#!/usr/bin/env python
# coding: utf-8
#
#
# # Electricity production plants - Visualisation Plots
#
#
#
# Data origins from https://opendata.swiss/en/dataset/elektrizitatsproduktionsanlagen and we use the following .csv files.
#
# - ElectricityProductionPlant.csv
# - MainCategoryCatalogue.csv
# - SubCategoryCatalogue.csv
# - PlantCategoryCatalogue.csv
#
#
# ### Loading data
#
# We use `pd.read_csv` to read the csv files into a `DataFrame`.
#
# After reading we set the index to the corresponding column which makes it easier to join tables and join the (sub)-category names in order to have all information in one `epp` table
# In[25]:
import pandas as pd
import seaborn as sns
import matplotlib.pyplot as plt
import numpy as np
plt.rcParams["figure.figsize"] = (20, 10)
epp = pd.read_csv('../data/ch.bfe.elektrizitaetsproduktionsanlagen/ElectricityProductionPlant.csv', parse_dates=['BeginningOfOperation']).set_index('xtf_id')
mainCat = pd.read_csv('../data/ch.bfe.elektrizitaetsproduktionsanlagen/MainCategoryCatalogue.csv').set_index('Catalogue_id')
subCat = pd.read_csv('../data/ch.bfe.elektrizitaetsproduktionsanlagen/SubCategoryCatalogue.csv').set_index('Catalogue_id')
plantCat = pd.read_csv('../data/ch.bfe.elektrizitaetsproduktionsanlagen/PlantCategoryCatalogue.csv').set_index('Catalogue_id')
lang='de'
epp = epp.merge(mainCat[lang].rename("MainCategoryName"),how='left', left_on='MainCategory', right_index=True)
epp = epp.merge(subCat[lang].rename("SubCategoryName"),how='left', left_on='SubCategory', right_index=True)
epp = epp.merge(plantCat[lang].rename("PlantCategoryName"),how='left', left_on='PlantCategory', right_index=True)
display(epp.head())
# ***
# ## Pie chart
#
#
# Exercise: Plot the energy mix in a pie chart a Series
#
# 1. Create a pie chart that displays the relative contribution of the main categories to the total power produced in Switzerland.
#
# 2. Create a pie chart that displays the relative contribution of the main categories to the total number of power plants in Switzerland.
#
# 3. (Optional) Can you plot both figures as subplots in one plot?
#
# 4. (Optional) Plot the relative contribution for the sub categories for `maincat_2`.
#
#
#
#
#
# *Hints*
# - To prepare the necessary DataFrame you can use the `DataFrame.groupby()` function and sum on the `TotalPower` column: `epp.groupby('MainCategoryName')['TotalPower'].sum()`
# - To plot you can use directly the function `Series.plot.pie()` [Pandas Doc](https://pandas.pydata.org/pandas-docs/stable/reference/api/pandas.Series.plot.pie.html)
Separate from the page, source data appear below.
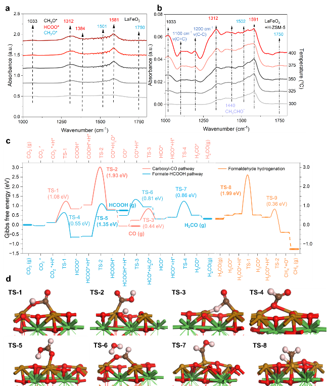 图4. (左) LaFeO3 上 CO2 转化的机理研究 (右)中间体迁移到分子筛的后续反应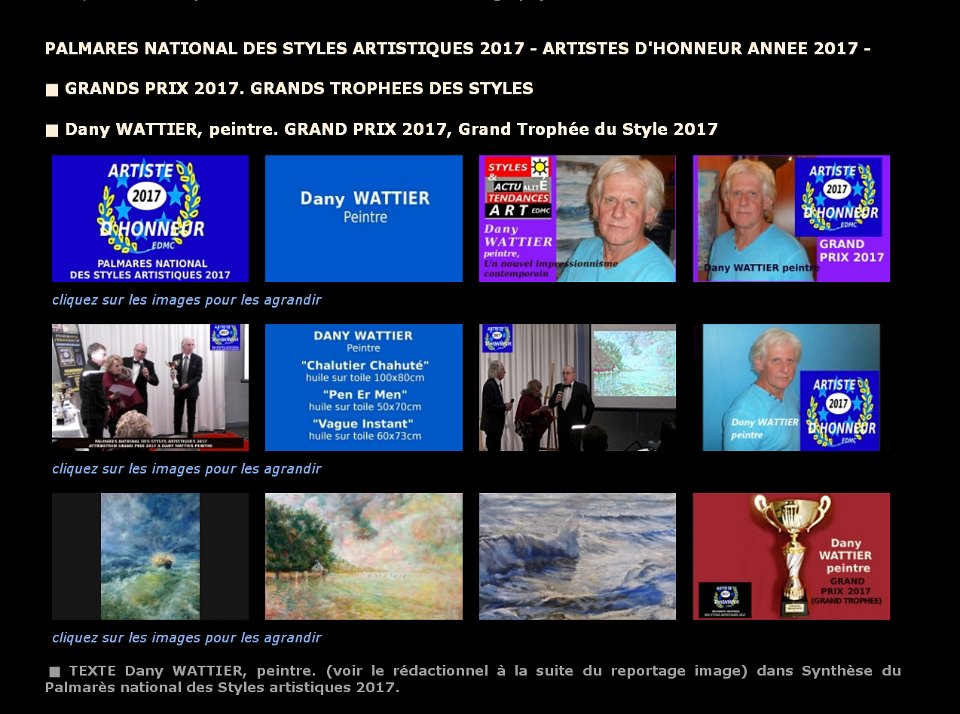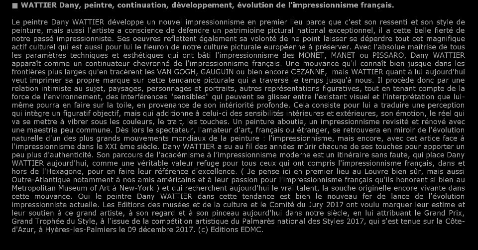 PALMARES NATIONAL DES STYLES ARTISTIQUES 2017 - ARTISTES D'HONNEUR ANNEE 2017 ■ GRANDS PRIX 2017. GRANDS TROPHEES DES STYLES■ Dany WATTIER, peintre. GRAND PRIX 2017, Grand Trophée du Style 2017WATTIER Dany, peintre, continuation, développement, évolution de l'impressionnisme français.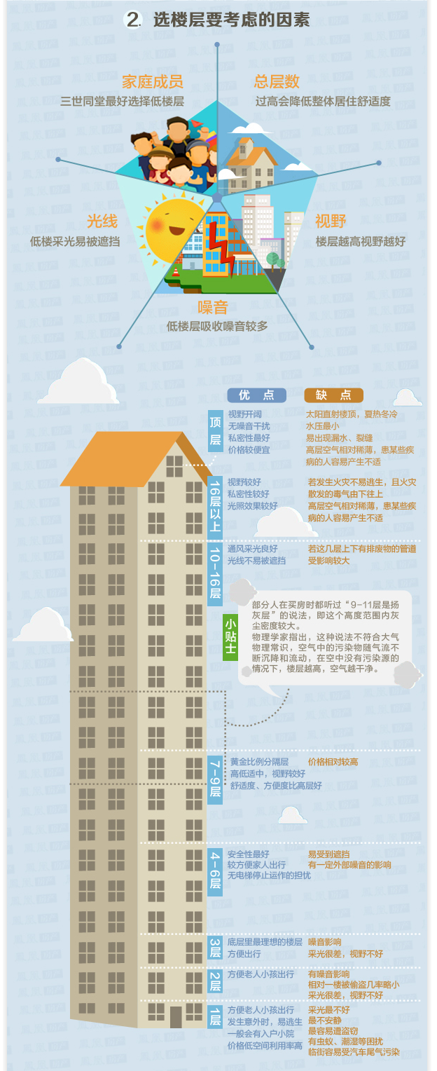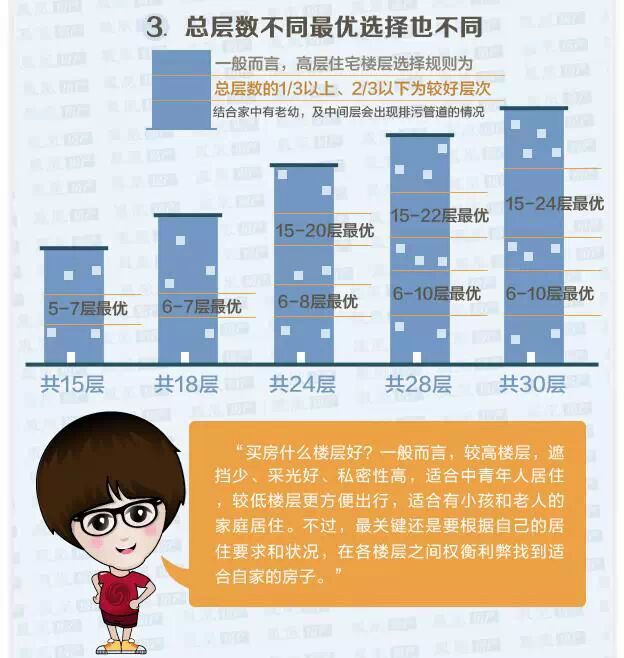 对于高层住宅的选择,很多人都会纠结选哪个楼层,高了怕不方便,低了怕遮光,中间怕扬灰,不需要纠结,一张图告诉你如何选择合适的楼层。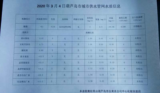 2020年3月4日葫蘆島市城市供水管網(wǎng)水質(zhì)信息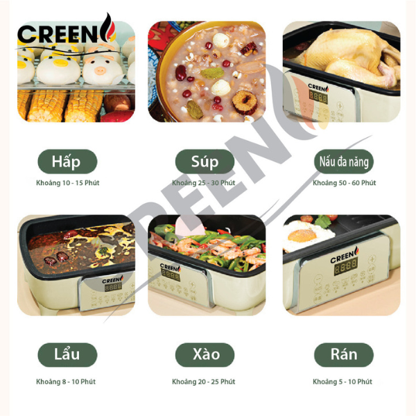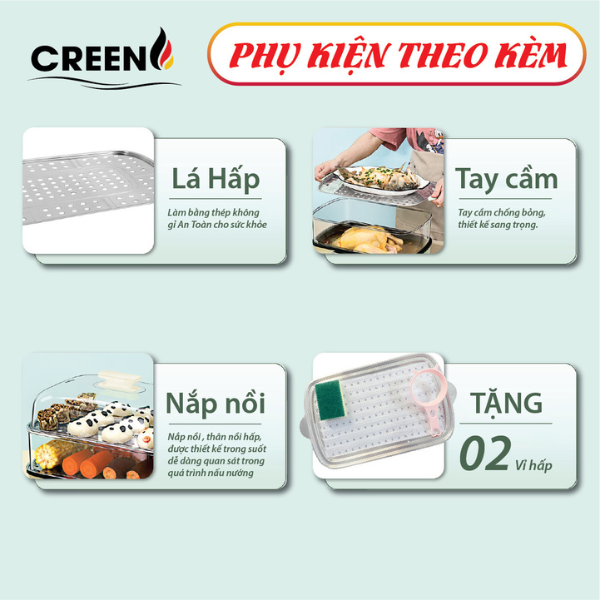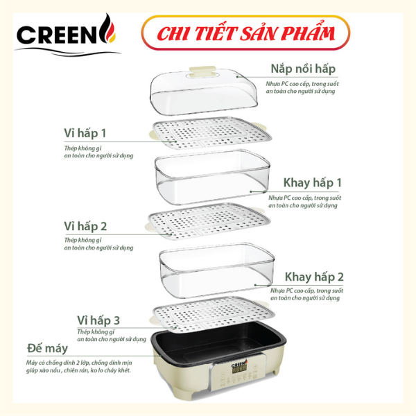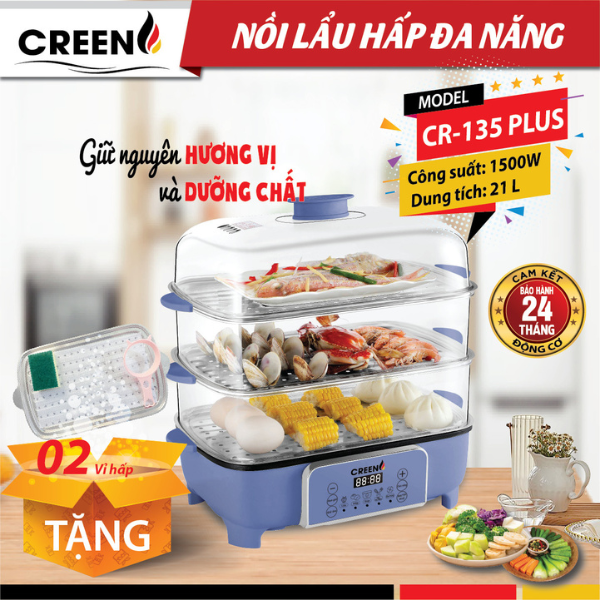Nồi lẩu đa năng Creen CR-135 Plus là thiết bị nhà bếp đa năng, kết hợp giữa chức năng nấu lẩu và hấp thực phẩm với thiết kế 3 tầng tiện lợi, giúp bạn dễ dàng chế biến đa dạng món ăn cho gia đình. Với công suất 1500W, nồi làm nóng nhanh chóng, tiết kiệm thời gian nấu nướng. Lòng nồi phủ chống dính cao cấp, các tầng hấp bằng thép không gỉ an toàn cho sức khỏe, nắp nồi bằng nhựa chịu nhiệt trong suốt giúp dễ dàng quan sát quá trình nấu.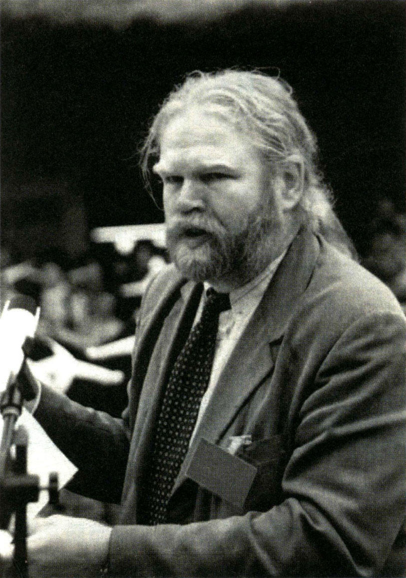 由于身躯高大,约翰·杰斯特龙先生在队伍中简直是“鹤立鸡群”。他这次来和1995年4月那次来,只在装扮上略有区别,那一头金黄色的头发再也不是披在后面,而是用胶圈将头发扎成了“小刷把”,留着的大胡子好像比三年前长了些,还是穿那件米黄色的风衣,内里穿了一件大花格子衬衣,打一条红色的领带,走起路来很精神,脸上挂着笑容。约翰·杰斯特龙先生眼睛看向站在高土坎上的那些穿着盛装的村民,村民们向他欢呼,不停地在叫“约翰——约翰——”,他激动不已,频频向村民招手。

# - To count instead of sum a grouped value use `.count()`
#
# ***
#
# In[ ]:
# ***
# ## Bar chart
#
#
# Exercise: Plot the energy data by canton
#
# 1. Use `sns.countplot` to create a bar chart that displays the number of fossil fuel power plants (`epp.MainCategory == 'maincat_4'`) for each canton. Can you also display the different sub-categories?
#
# 2. Create a stacked bar chart that displays the contribution to alternative energies (`epp.MainCategory == 'maincat_2'`) for each canton.
#
# 3. (Optional) Can you create a similar bar chart with seaborn, i.e. `sns.barplot()`? P
#
# 4. (Optional) Play around with the different `seaborn` themes `darkgrid`, `whitegrid`, `dark`, `white`, and `ticks`.
#
#
#
#
# *Hints*
# - With `sns.countplot` you can provide your entier dataset
# - To prepare the necessary DataFrame you can use the `DataFrame.groupby()` function and sum on the `TotalPower` column: `epp.groupby(['Canton', 'SubCategoryName'], as_index=False)['TotalPower'].sum()`. Furthermore, you can use `DataFrame.pivot_table()` to explode the sub categories into columns.
#
#
# ***
#
# In[ ]:
# ***
# ## History Plots
#
#
# Exercise: Plot the energy mix over time
#
# **Step 1**: Create a line plot over the time that cumulates the energy that is produced until then.
#
# **Step 2**: Create a line plot with multiple lines. Each line represents the cumulative sum of the energy produced by one main category
#
# **Step 3**: Create an area plot with the same data as in step 2. With the area plot you can show the individual as well as the total values.
#
#
#
# *Hints*
# - **Step 1**:
# - With `df = epp.groupby('BeginningOfOperation')['TotalPower' ].sum().sort_index()` you can create a `DataFrame` with the added `TotalPower` for each `BeginningOfOperations` date
# - use the `df.cumsum` function to return the cumulative sum that you can then plot directly with pandas into a `df.plot.line` plot.
#
# - **Step 2**:
# - Do the `groupby` not only by `BeginningOfOperation` but by `['BeginningOfOperation', 'MainCategoryName']`. Use `as_index=False` to have a `DataFrame` as a result of the grouping and not a `Series`
# - use `DataFrame.pivot_table()` to explode the main categories into columns.
# - use `data.replace(np.nan, 0)` to replace missing values with 0
# ***
#
# In[ ]: